種々の実施形態では、抗癌剤は、チロシンキナーゼ阻害剤（ＴＫＩ）である。特定の実施形態では、ＴＫＩは、ＥＧＦＲ−ＴＫＩである。具体的実施形態では、ＥＧＦＲ−ＴＫＩは、エルロチニブ（タルセバ）である。具体的実施形態では、ＴＫＩは、ゲフィチニブである。特定の実施形態では、ＴＫＩは、アパチニブ、カボザンチニブ、カネルチニブ、クレノラニブ、ダムナカンタール、フォレチニブ、フォスタマチニブ、インテダニブ、リニファニブ、モテサニブ、ムブリチニブ、バタラニブ、またはベムラフェニブである。

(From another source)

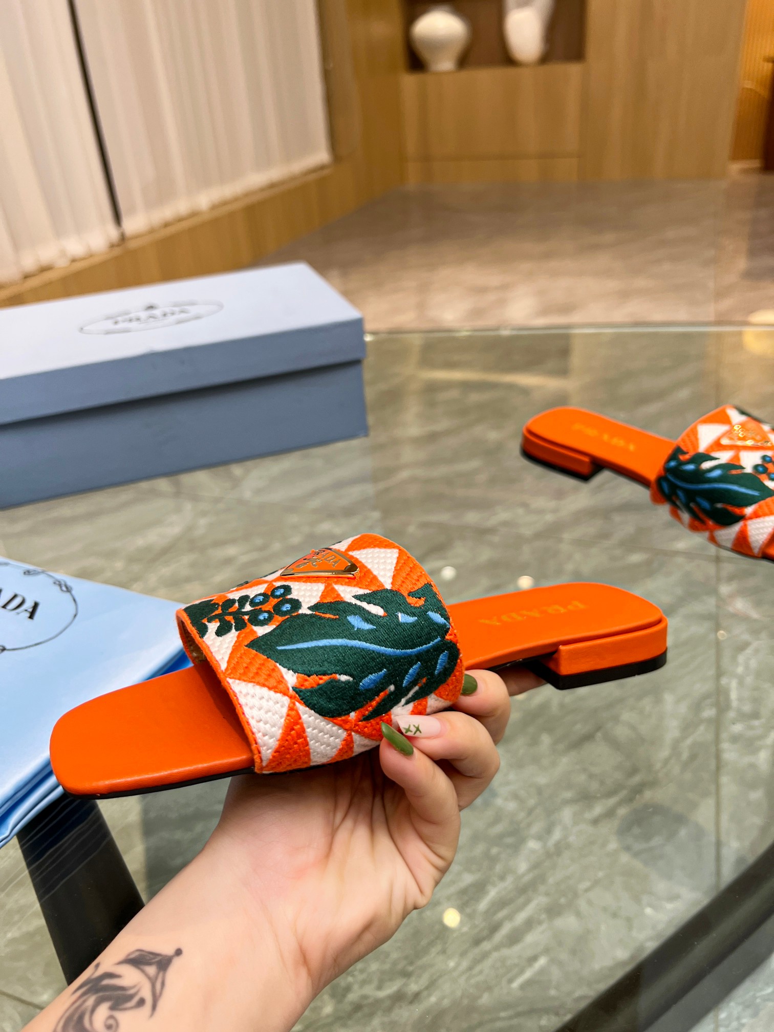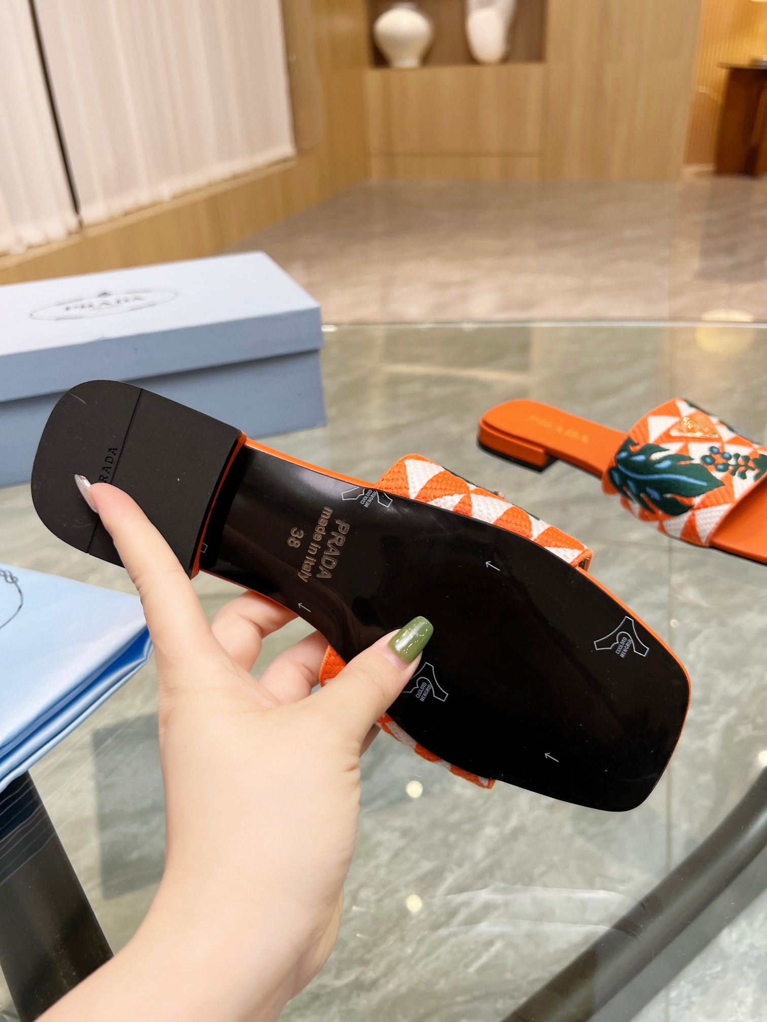 这款鞋子是AAAAA 1:1 质量 (非常棒). 使用了和原版一模一样的材料. 商标部分也保持了和普拉达/Prada一样. 图片拍摄是实物鞋子拍摄, 您所收到的实物保证和我们图片一模一样.

種々の実施形態では、ｍｉＲＮＡは、ｍｉＲ−３７９、ｍｉＲ−３７９^＊、ｍｉＲ−１９３ｂ、ｍｉＲ−１９３ｂ^＊、ｍｉＲ−４０９−５ｐ、ｍｉＲ−４０９−３ｐ、ｍｉＲ−１５４、および／またはｍｉＲ−１５４^＊である。種々の実施形態では、ｍｉＲＮＡは、成熟ｍｉＲ−３７９、ｍｉＲ−３７９^＊、ｍｉＲ−１９３ｂ、ｍｉＲ−１９３ｂ^＊、ｍｉＲ−４０９−５ｐ、ｍｉＲ−４０９−３ｐ、ｍｉＲ−１５４、および／またはｍｉＲ−１５４^＊である。具体的実施形態では、ｍｉＲＮＡは、成熟ｍｉＲ−３７９、ｍｉＲ−１９３ｂ、ｍｉＲ−４０９−５ｐ、ｍｉＲ−４０９−３ｐ、および／またはｍｉＲ−１５４^＊である。種々の実施形態では、ｍｉＲＮＡは、配列番号２、配列番号３、配列番号５、配列番号６、配列番号８、配列番号９、配列番号１１、または配列番号１２によって開示される通りの配列を有する。具体的実施形態では、ｍｉＲＮＡは、配列番号２、配列番号５、配列番号８、配列番号９、または配列番号１２によって開示される通りの配列を有する。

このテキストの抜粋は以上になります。